Spannungen zwischen USA und Iran verschärfen sich wieder


 Ein Patrouillenboot fährt durch das Wasser, während Frachtschiffe in der Straße von Hormus vor Anker liegen.

Stand: 04.05.2026 • 22:12 Uhr

Die USA wollen Schiffe aus dem Persischen Golf befreien und die Blockade der Straße von Hormus beenden. Iran droht mit Angriffen und attackiert die Golfstaaten. Trotz Waffenruhe spitzt sich die Lage wieder zu.

Zwischen Iran und den USA gilt eigentlich eine Waffenruhe. Doch die anhaltende iranische Blockade der für den Welthandel wichtigen Straße von Hormus führt dazu, dass sich die Spannungen wieder verschärfen – inklusive Drohungen und dem Einsatz von Kriegsschiffen. Sogar die Golfstaaten melden wieder Angriffe.

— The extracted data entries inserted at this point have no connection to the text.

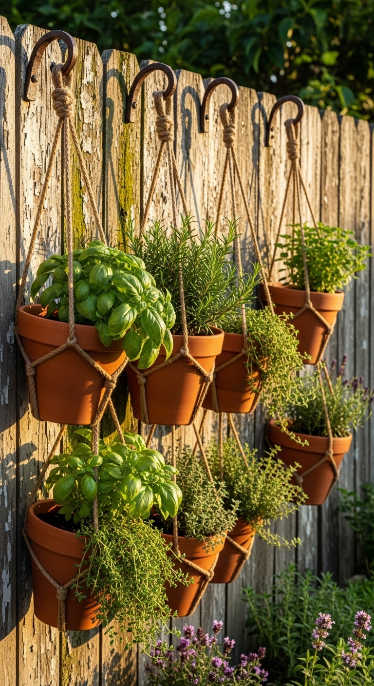 15. Le Mur de Pots Suspendus en Terre Cuite avec Système d’Accroche Rustique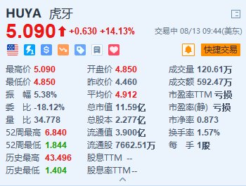 美股异动|虎牙涨超14% 宣布延长股票回购计划 拟派特别股息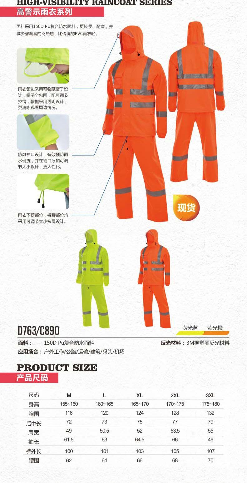 Tio An D763 / C890 Capa de chuva reflexiva Transporte rodoviário ao ar livre Construção Aeroporto PU Capa de chuva

Am Sonntag hatte US-Präsident Donald Trump angekündigt, mit der Befreiung von Schiffen zu beginnen, die im Persischen Golf festsitzen und wegen der iranischen Blockade nicht durch die Straße von Hormus fahren können. Am Montag teilte dann das für die Golfregion zuständige Regionalkommando CENTCOM der US-Streitkräfte mit, dass zwei Kriegsschiffe die Meerenge durchfahren hätten. Die beiden Zerstörer befänden sich nun im Persischen Golf.

Zudem hätten zwei unter US-Flagge fahrende Handelsschiffe die Straße von Hormus passiert. „Die amerikanischen Streitkräfte unterstützen aktiv die Bemühungen, die Durchfahrt für die Handelsschifffahrt wiederherzustellen“, hieß es in einer Mitteilung.

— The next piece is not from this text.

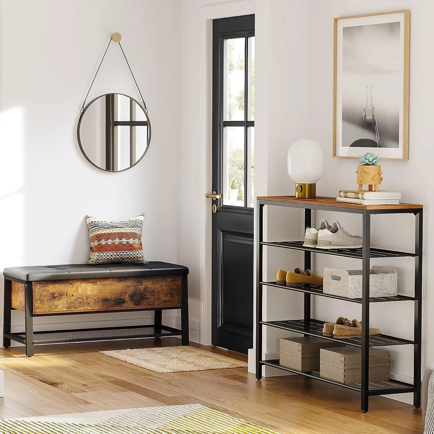 - Create a stylish and organised entrance area with this triple-bonus set. You'll receive a shelf with a smooth, engineered wood surface, a shoe rack with four black mesh shelves, and a decorative piece with an on-trend industrial look. Keep your entrance area neat and fashionable with this must-have set.

Die iranischen Revolutionsgarden dementierten, dass Handelsschiffe die Meerenge durchquerten. Das iranische Staatsfernsehen berichtete zudem, die Marine habe Warnschüsse in der Nähe von US-Zerstörern abgefeuert. Die halbamtliche iranische Nachrichtenagentur Fars meldete, zwei Raketen hätten das Schiff am südlichen Eingang der Meerenge getroffen. Das wiederum wiesen die USA zurück.

Iran attackiert Ölanlagen in Emiraten

Nach dem Versuch der US-Marine, die iranische Blockade der Straße von Hormus zu durchbrechen, kam es erstmals seit Beginn der Waffenruhe zu schweren Angriffen. In einem Industriegebiet der Hafenstadt Fudschaira in den Vereinigten Arabischen Emirate brach ein Großbrand aus. Dem emiratischen Verteidigungsministerium zufolge attackierte Iran mehrere Teile des Golfstaats mit vier Marschflugkörpern. Der Oman meldete einen Angriff auf ein Wohngebäude.

Südkorea meldete eine Explosion auf einem seiner Handelsschiffe. Die britische Seeschifffahrtsbehörde UKMTO registrierte Treffer auf zwei Schiffen vor der Küste der Emirate. Der dortige Ölkonzern ADNOC bestätigte einen Drohnenangriff auf einen leeren Tanker.

Irans Streitkräfte verteidigten später den Angriff auf Ölanlagen in den Vereinigten Arabischen Emiraten. Sie sei das Ergebnis des „Abenteurertums der US-Armee“, sagte ein namentlich nicht genannter Militärvertreter dem staatlichen iranischen Rundfunk.

Die USA haben hingegen mehrere Schnellboote der Islamischen Republik zerstört. Trump schrieb auf seiner Plattform Truth Social von sieben Schiffen, der Kommandeur des zuständigen Regionalkommandos, Admiral Brad Cooper, berichtete von sechs versenkten Booten. Die Kleinboote hätten „die Handelsschifffahrt bedroht“ und seien von Kampfhubschraubern der US-Streitkräfte beschossen worden. Teheran dementierte, dass iranische Boote versenkt worden seien.

Trump droht Iran mit Vernichtung

US-Präsident Trump drohte Iran für den Fall von Angriffen auf US-Schiffe mit Vernichtung. Der Iran werde „von der Erde gefegt“, sollte er Schiffe angreifen, die im Rahmen der neuen US-Initiative zur Öffnung der Straße von Hormus im Einsatz seien, zitierte der Sender Fox News Trump nach einem Interview.

Laut US-Kommandeur Cooper befinden sich aktuell Schiffe aus 87 verschiedener Nationen im Persischen Golf. Bei ihnen handele es sich um „neutrale und unschuldige Dritte“. Innerhalb der vergangenen zwölf Stunden hätten die USA zu Dutzenden Schiffen und Reedereien den Kontakt aufgenommen, um den Verkehr durch die für den Welthandel wichtigen Meerenge voranzutreiben.